Note: This web page was automatically created from a PalmOS "pedit32" memo.

EXT3 filesystem recovery in LVM2


This is the bugzilla bug I started on the fedora buzilla: https://bugzilla.redhat.com/bugzilla/show_bug.cgi?id=142737
Very good idea to do something like the following, so that you have an copy of the partition you're trying to recover, in case something bad happens: dd if=/dev/hda2 bs=1024k conv=noerror,sync,notrunc | reblock -t 65536 30 | ssh remote.host.uci.edu 'cat > /recovery/damaged-lvm2-ext3'
e2salvage died with "Terminated". I assume it OOM'd.
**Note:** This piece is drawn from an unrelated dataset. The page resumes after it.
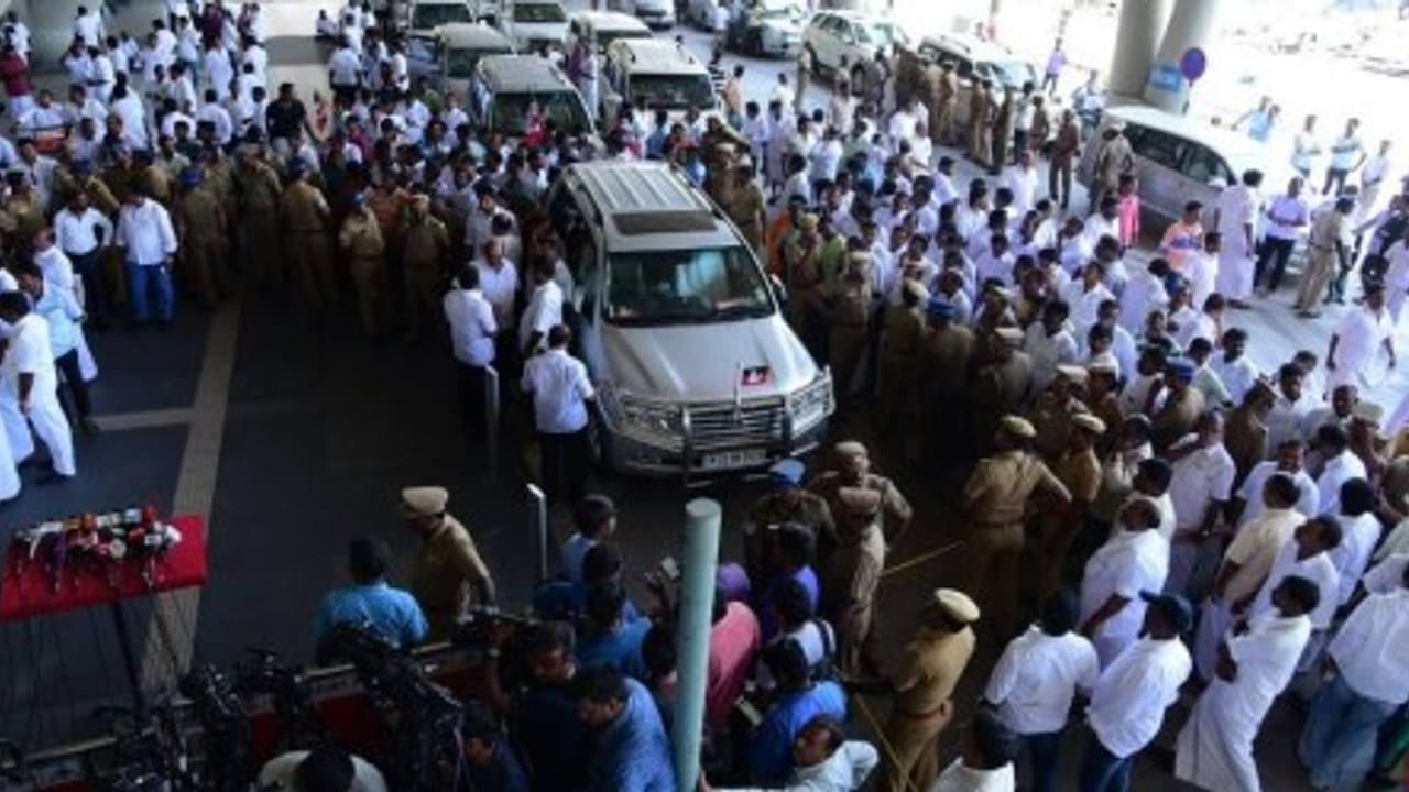 தொண்டர்கள், கட்சி நிர்வாகிகளின் கூட்டத்தை சமாளிக்க 100 க்கும் மேற்பட்ட போலீசார் குவிக்கப்பட்டுள்ளனர்.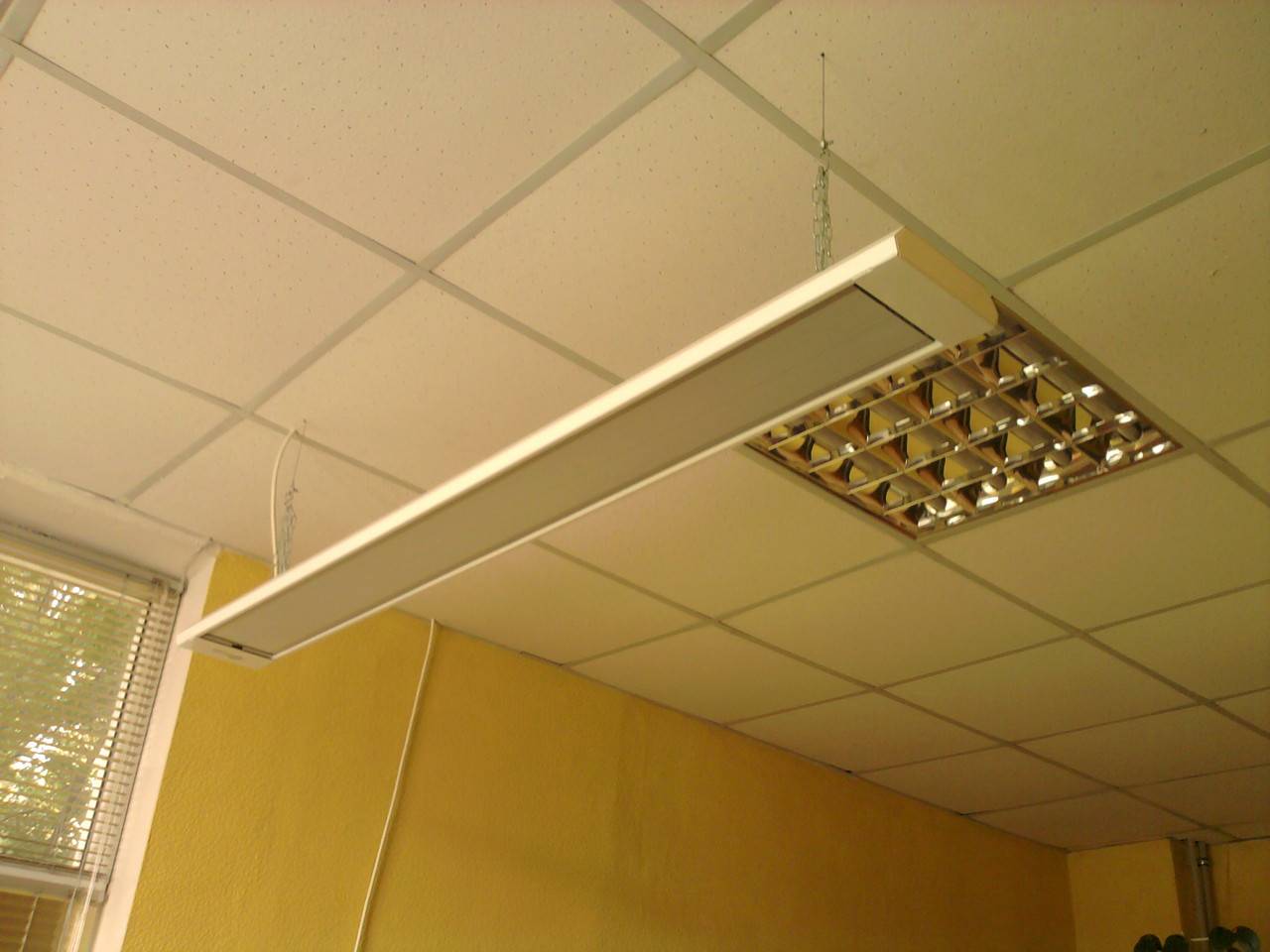 Потолочные обогреватели применяются для обогрева помещений, больших по размеру. Мощность таких приборов — высокая, крепятся они на большой высоте, на подвесах или торсах.

e2extract gave a huge list of 0 length files. Doesn't seem right, and it was taking forever, so I decided to move on to other methods. But does anyone know if this is normal behavior for e2extract on an ext3?
I wrote a small program that searches for ext3 magic numbers. It's finding many, EG 438, 30438, 63e438 and so on (hex). The question is, how do I convert from that to an fsck -b number?
Running the same program on a known-good ext3, the first offset was the same, but others were different. However, they all ended in hex 38...
I'm now running an "fsck -vn -b" with the -b argument ranging from 0 to 999999. I'm hoping this will locate a suitable -b for me via brute force.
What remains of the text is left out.